The definition of the Mobius function in terms of values on squarefree and nonsquarefree positive integers extends naturally to a function on nonzero ideals in a Dedekind domain and this leads to a generalization of the zeta function identity in item 3 above to the zeta function of a number field: $$ \frac{1}{\zeta_K(s)} = \sum_{\mathfrak a} \frac{\mu_K(\mathfrak a)}{{\rm N}(\mathfrak a)^s} $$ for ${\rm Re}(s) > 1$. As in the case of positive integers, $\mu_K(\mathfrak a)$ is $0$ or $\pm 1$ depending on how $\mathfrak a$ factors into (nonzero) prime ideals.
The Mobius function generalizes from positive integers to other posets: look up the Mobius function of a poset, where it no longer has to have only values $\{0, 1, -1\}$.

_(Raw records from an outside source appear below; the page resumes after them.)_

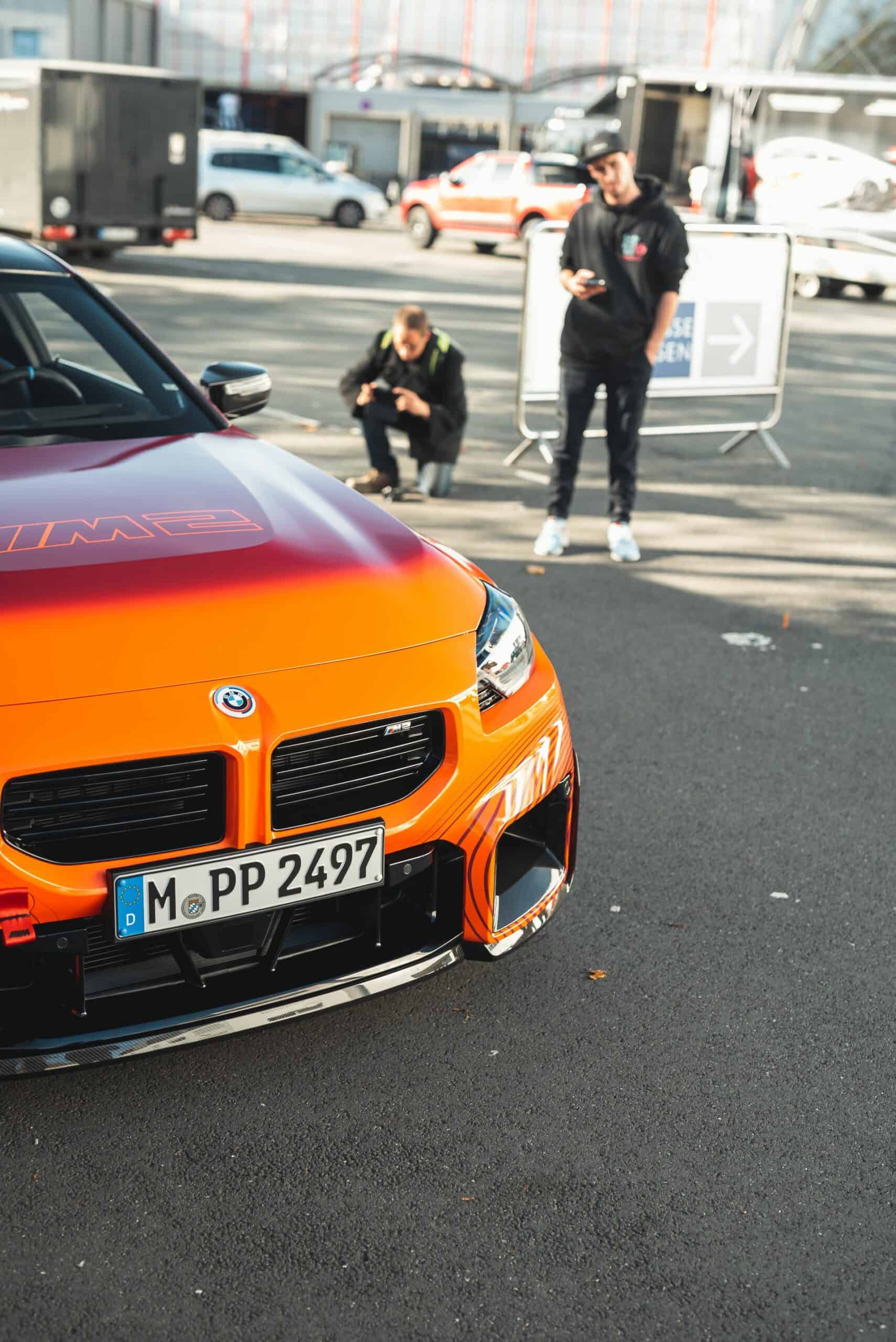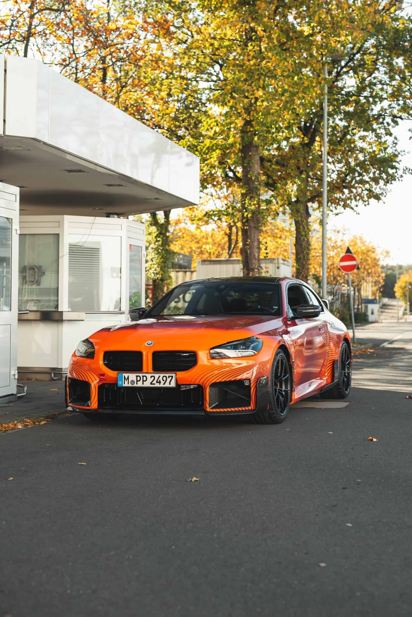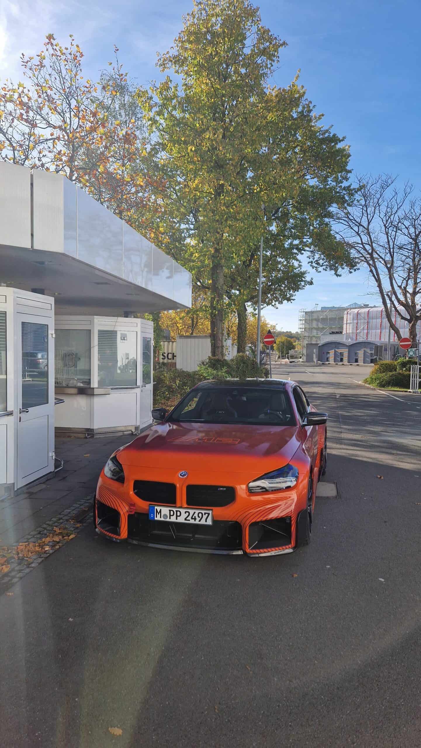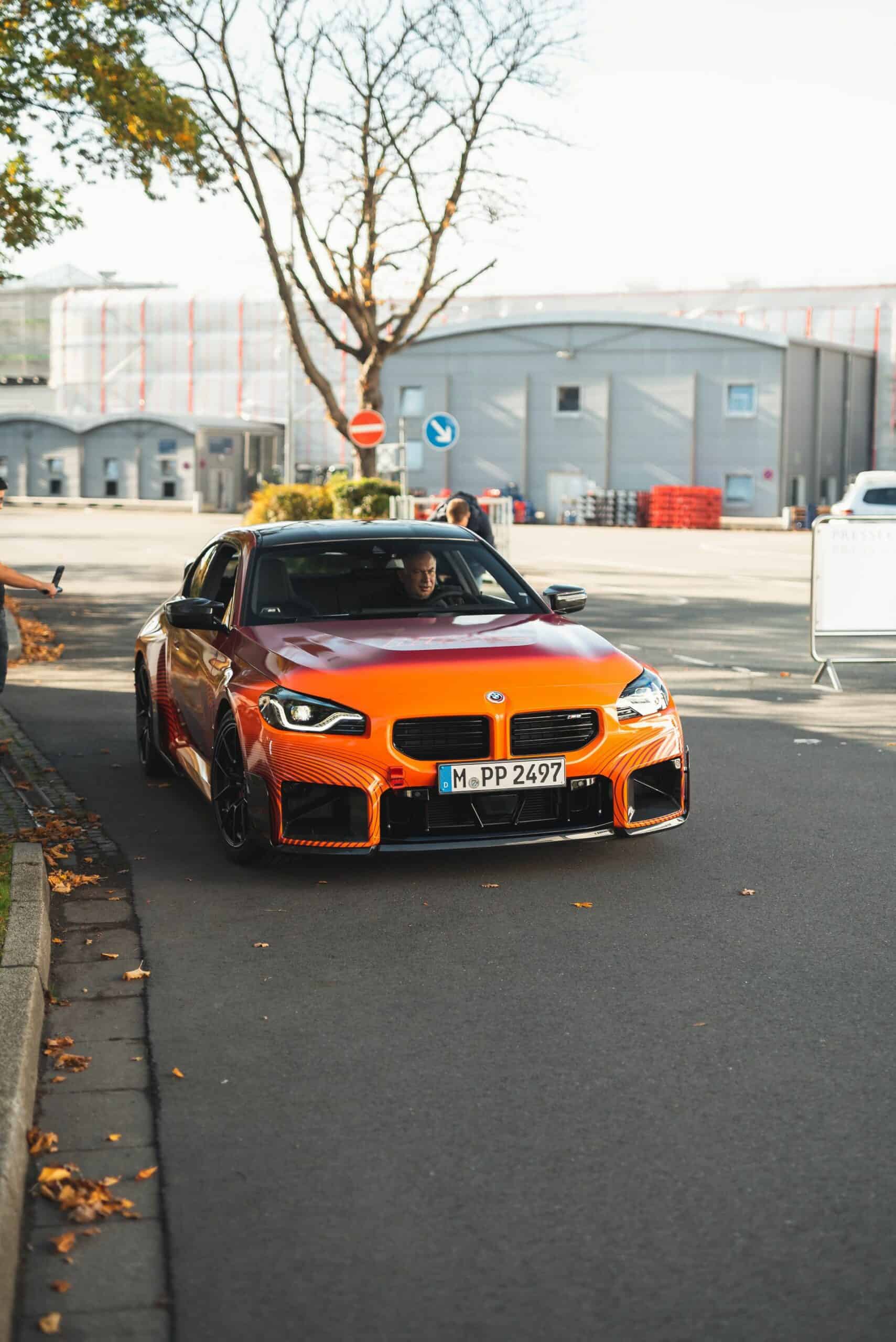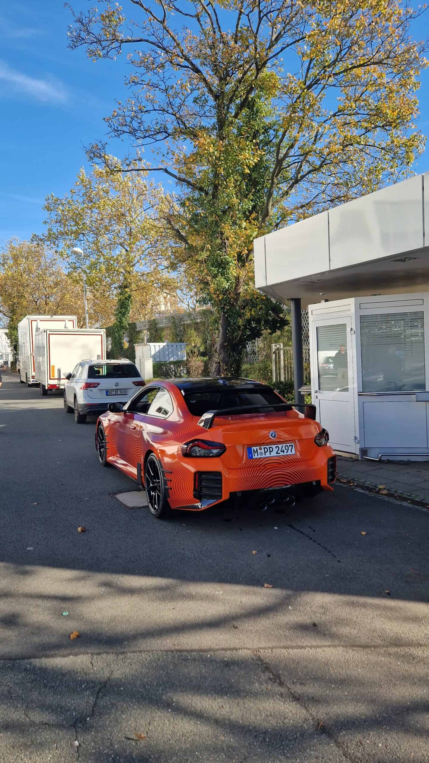 BMW’s new M Performance parts for the G87 M2 are becoming quite popular on the interwebs. It seems there are new photos of the orange wrapped promo car featuring all of the M2’s extra goodies. It’s no surprise, though. The BMW M2 is a hot item at the moment and its M Performance parts make it look even more extreme. This time, though, the vibrant M2 was seen on the street, out in public.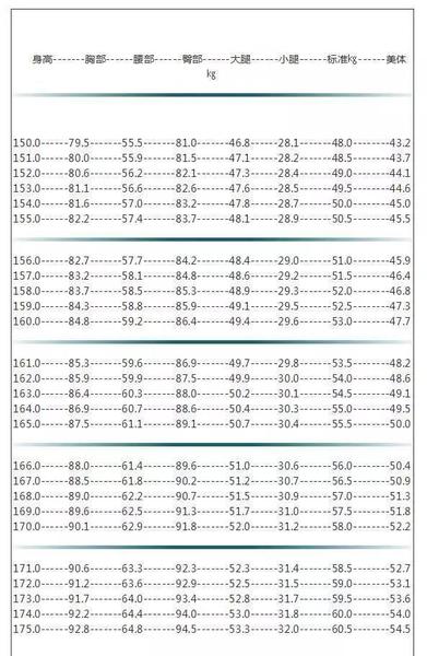 女生标准身材对照表,包括标准/美体体重、胸围、腰围、臀围、大腿围、小腿围等数据,其中标准体重数据是基础,标准三围、大/小腿围数据是标准身材的深入要求。以下是标准体重和标准三围进一步的探讨。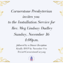 Cornerstone Presbyterian invites you to the installation service for Rev. Meg Lindsay Dudley on Sunday, November 16 at 4:00p.m. followed by a dinner reception. Please RSVP by November 9 to Tricia@CornerstoneCary.org or via telephone 919-303-9200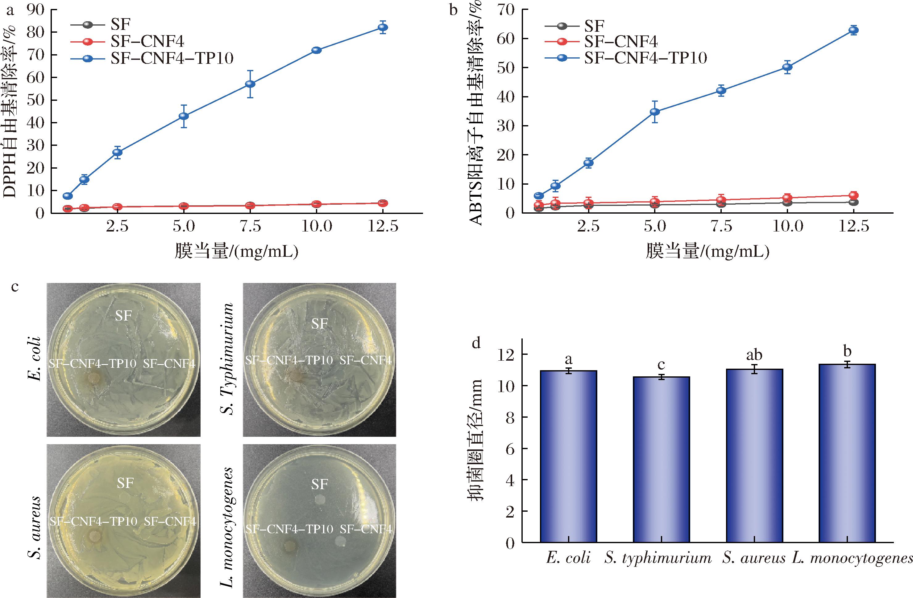 a-DPPH自由基清除率;b-ABTS阳离子自由基清除率;c-抑菌活性;d-SF-CNF4-TP10的抑菌圈直径

Here is surprising application of Mobius inversion: it implies all perfect numbers are even. Indeed, if $n$ is perfect then $\sum_{d\mid n} d = 2n$, so by Mobius inversion $$ n = \sum_{d\mid n} \mu(n/d)2d = 2\sum_{d\mid n} \mu(n/d)d, $$ which is even. Of course this “proof” has a mistake. If you did not catch it on your first reading, then reread it until you find the error.